Functional Characterization of Glycosyltransferases in Duckweed to Enable Predictive Biology
Pradeep Kumar Prabhakar1, Digantkumar Gopaldas Chapla1, Charles Joseph Corulli1, Brayden Paul Smith1, Samantha Hennen2, Morgan J. Willis1, Tasleem Javaid1, Samantha J. Ziegler2, Vivek S. Bharadwaj2, Kelley W. Moremen1, Maria J. Pena1, Yannick J. Bomble2, and Breeanna R. Urbanowicz1*
1University of Georgia; and 2National Renewable Energy Laboratory
Glycosyltransferases (GTs) catalyze the formation of glycosidic linkages to produce complex carbohydrates. This project involves the use of a multidisciplinary, high-throughput biochemical and computational biology approach to study carbohydrate metabolic processes in duckweed, a promising energy crop. The role of enzymatic microenvironments is being assessed through a combined proteomic and computational biology approach. This combined data will be used to populate a deep-learning framework to predict plant GT function.

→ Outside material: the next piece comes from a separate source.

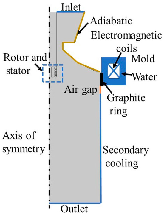 - Khatsayuk, M.; Vinter, E.; Timofeev, V.; Belov, N.; Sergeev, N.; Pervukhin, M. Numerical Simulation of Process of Electromagnetic Casting and Technology Features. Met. Mater. Trans. B 2023, 54, 1768–1783. [Google Scholar] [CrossRef]
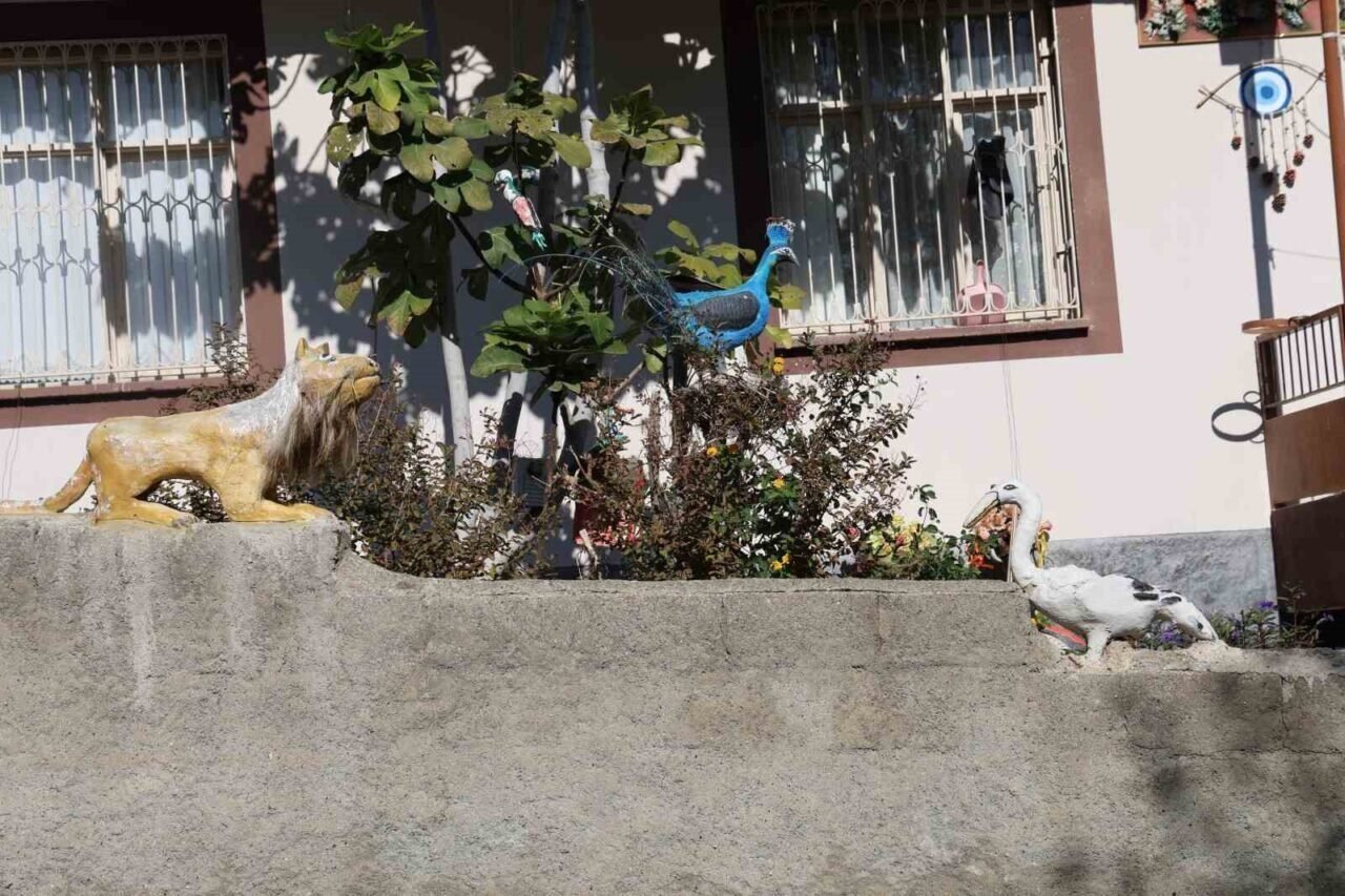 “Eski sandıkları, fırın kapaklarını, atık bezleri, ağaç kabuklarını kendim tasarlıyorum. Halk eğitimden el sanatları usta öğreticisi olarak emekliyim. Evin önüne bir leylek yapmak isterken başladım bu işe. Bir atık lambader elime geçti, onu leyleğe dönüştürürken yuvasını yaptım. Sonra aslan, tavus kuşları, Bremen Mızıkacıları derken ortaya çok güzel işler çıktı. Su kabaklarını, ağaç ve kumaş dallarını, atık köpükleri kuş yuvasına dönüştürdüm. Emekli oldum, çocuklarım evlendi, torunlarım oldu. Burası benim huzur ve terapi merkezim. Arkadaş aramıyorum, bunları yaparak dinleniyorum. Görenler hayran kalıyor. Gençliğimizde nakışla terapi yapardık. Bizim çocukluğumuzda telefon yoktu, sosyal medya yoktu. Sanat ve el işiyle motive olurduk. Şimdi de bu el sanatını kendime terapi olarak kullanıyorum.”

Functional validation achieved through this research will be used to assign gene function and study plant processes at the systems level to efficiently link genome sequence with gene function in a feedstock agnostic manner.
This research is supported by the U.S. Department of Energy, Office of Science, Biological and Environmental Research (BER) Program, Genomic Science program grant no. DE-SC0023223.